Мне было грустно. Даже не знаю, почему. Может, потому, что лишь совсем недавно мы все подружились, и уже никто не обзывал меня, не дразнил. А главное — меня не трогали и борисовские. Отчасти потому, что им это надоело, но больше всего потому, что третьяковские стали за меня заступаться, то есть хватило одного раза, когда они ввязались в потасовку — и все мои противники оказались поверженными. А еще потому, что я привык к Третьяковке, привык к реке, лесу, полям, лугам и оврагам. Чуть ли ни с каждым местом связаны какие-то воспоминания: там встретился с волком, там с медведем, там видел лисицу или зайцев, там мы водой выгоняли из нор огромных рыжих хомяков… да мало ли что произошло за почти три года жизни в этой деревне, вдали от всех городов. И вот теперь надо начинать жизнь сначала.

Поневоле загрустишь.

Пришел папа со своим фотоаппаратом-лейкой, похожей немного на гармошку, и сфотографировал всех нас на память. Едва мы поместились в папином фотоаппарате.
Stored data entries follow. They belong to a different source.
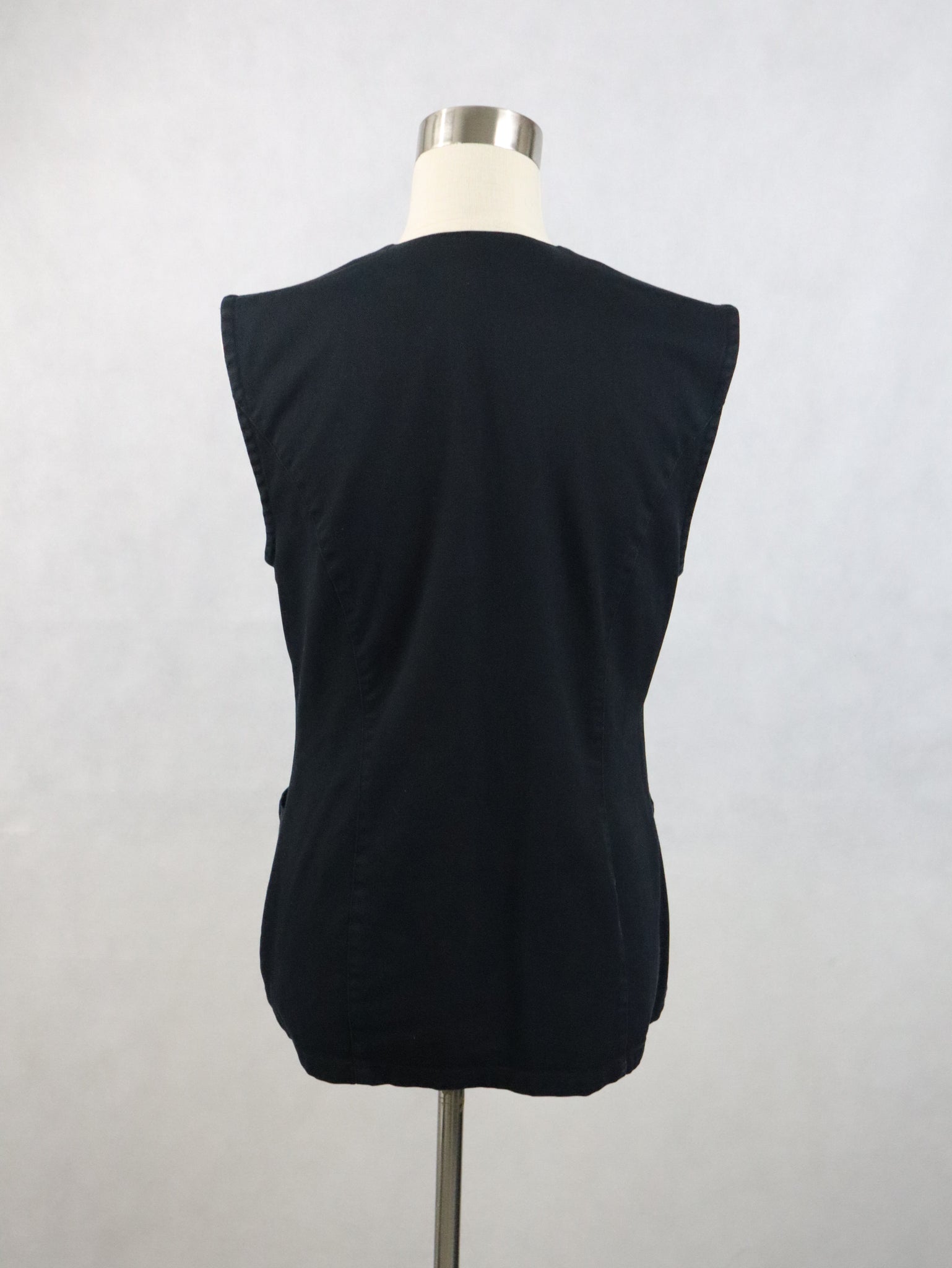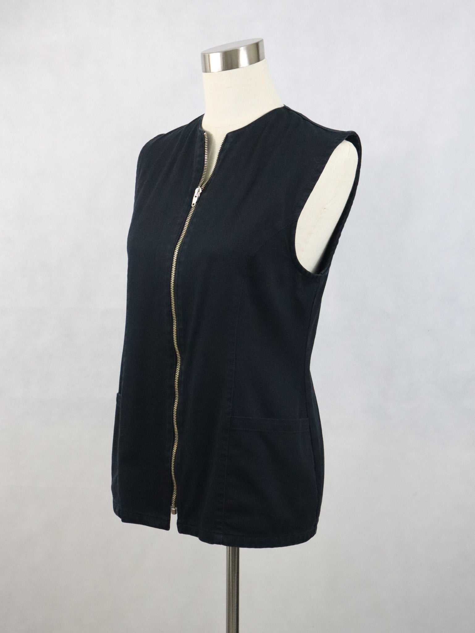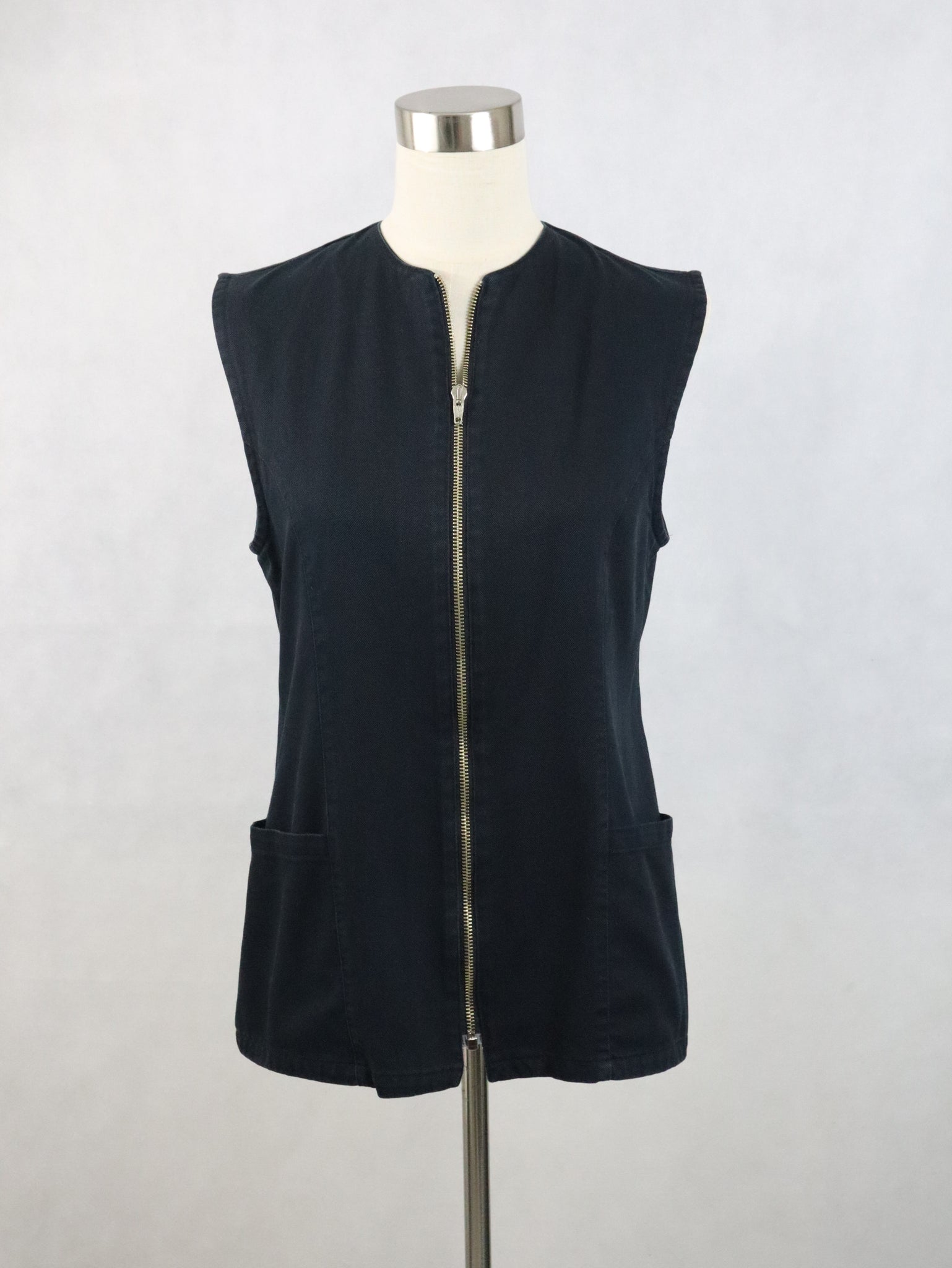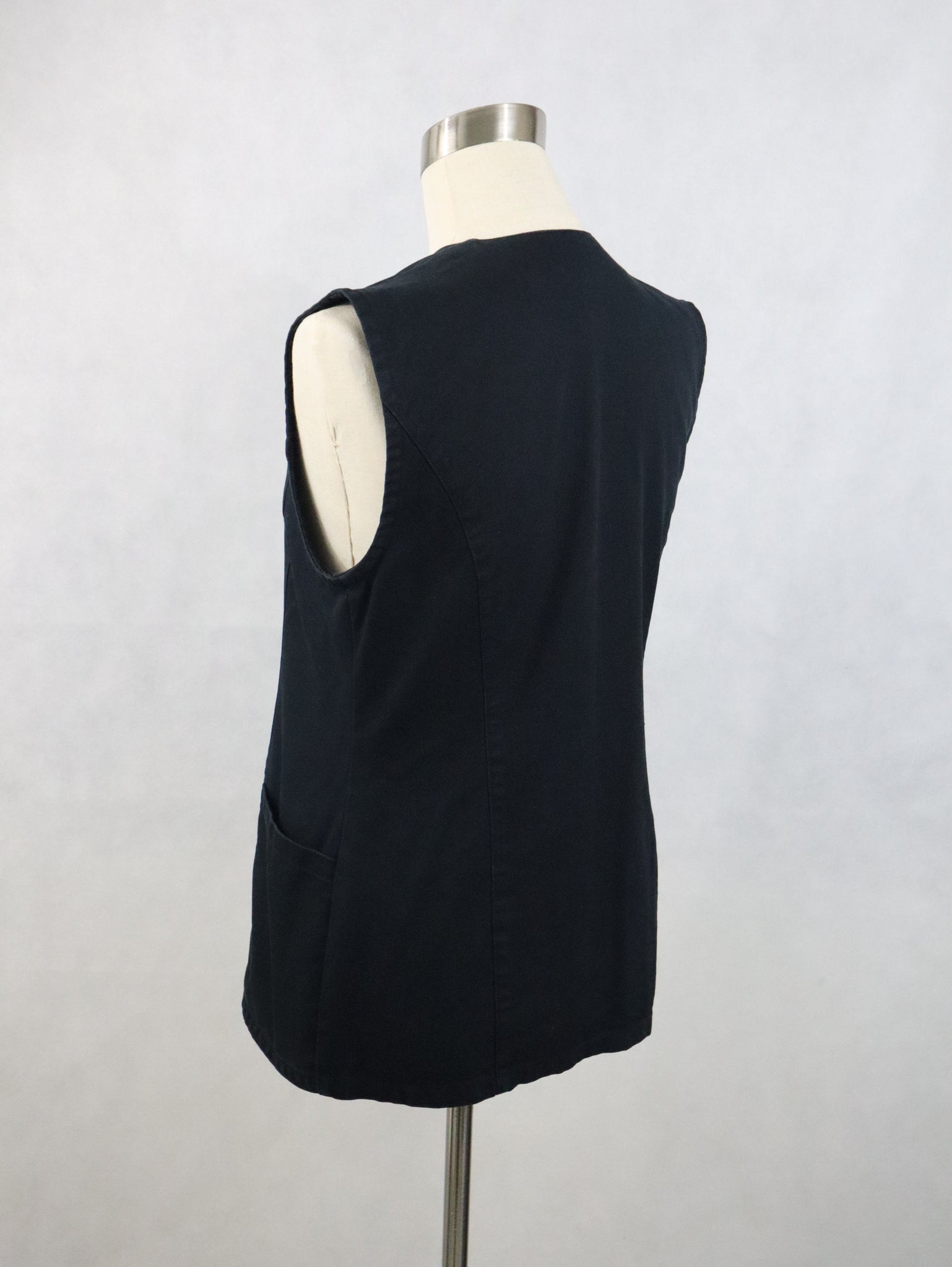 Musta denim-kankainen liivi, valmistaja Tarja Wallius, handmade in Finland.
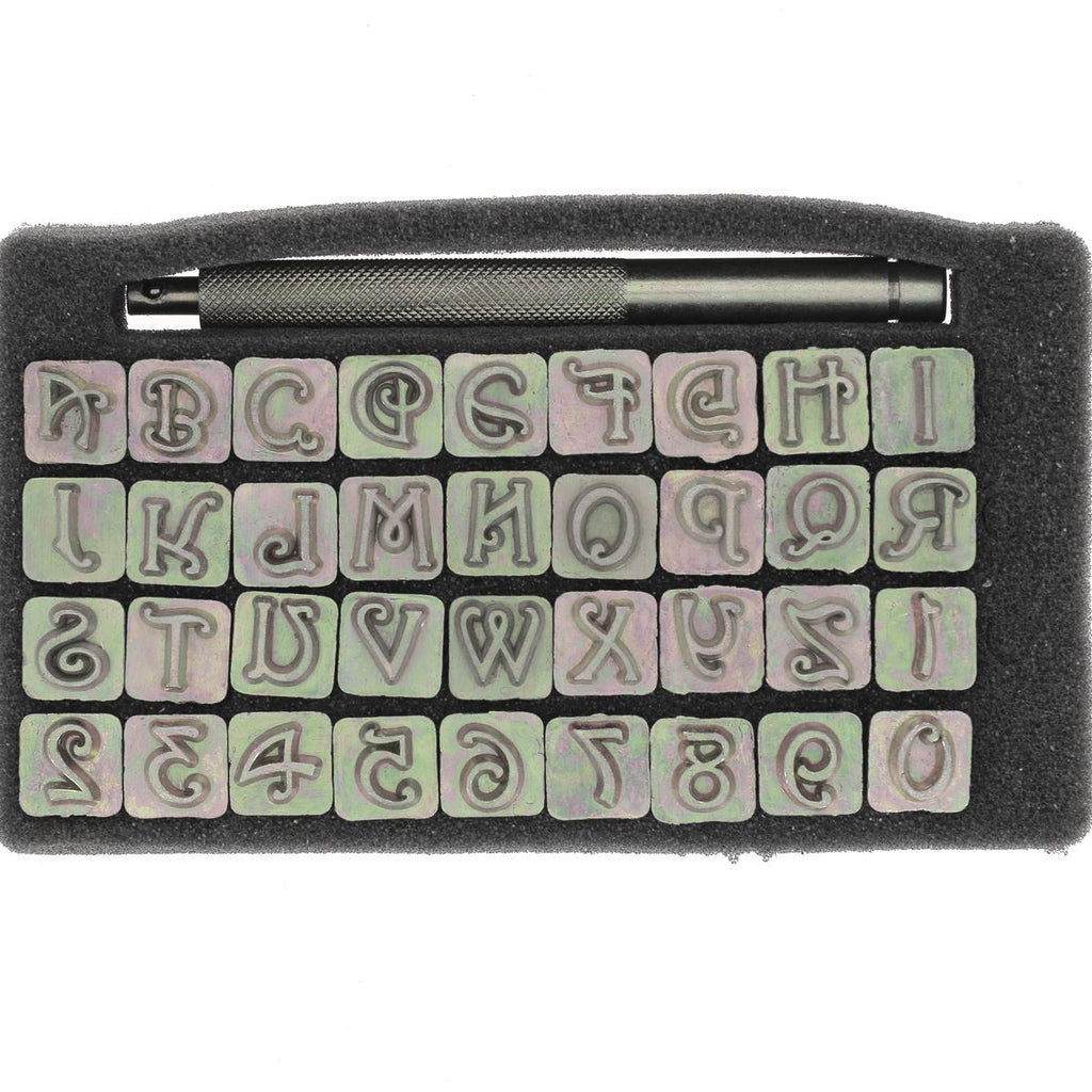 Für eine klare Markierung müssen diese Lederstempel an einem 3D-Stempelgriff befestigt und mit einem ausreichend schweren Hammer auf eine Marmorplatte geschlagen werden.
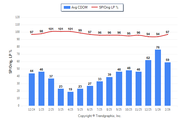 February 2026 Average Continuous Days on Market trend Remains Steady and Sold/Original List Price Ratio Remains Steady**
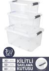 İronika 3'lü Tekerli Saklama Kabı Dikdörtgen Kilitli Kapaklı Çok Amaçlı Oyuncak Saklama Kutusu 30-50-80 L

Потом были проводы. Такие же грустные, как будто нас провожали на войну, как провожали Митьку Третьякова. Мужики и бабы пили водку, ели гусятину и баранину, пели грустные песни и даже плакали. Особенно бабы. И тетка Настасья, которая иногда стригла меня, потому что у нее на всю деревню имелась стригательная машинка, но так больно, что мама потом достригивала меня овечьими ножницами. И старая-престарая бабка Анисья, в доме которой мы жили, плакала тоже. А мы, мальчишки и девчонки, сидели на бревнах, сосали леденцы, целый кулек которых привез из Чусового дядя Павло. И не плакали. А я рассказывал им про Константиновку, где растут всякие яблоки, груши, вишни и абрикосы. А еще дыни и арбузы, огромные помидоры и огурцы. И кукуруза, очень похожая на еловую шишку.

Глава 23

Нас привезли на телеге в город Чусовой, где трава и деревья черны от копоти. Только теперь мы приехали одни, а не так, как когда-то приезжали из Ленинграда — много-премного. А тетя Лена Землякова с Тамарой и Сережкой в Константиновку не поехали, потому что там надо восстанавливать заводы, а тетя Лена восстанавливать не умеет, поэтому собирается вернуться в Ленинград. Они нас проводили до околицы, поплакали и долго махали руками нам вслед. И тетя Груня с дядей Кузьмой. А я махал им в ответ, так мне их всех было жалко. И себя тоже: можно ведь жить и без абрикосов и кукурузы.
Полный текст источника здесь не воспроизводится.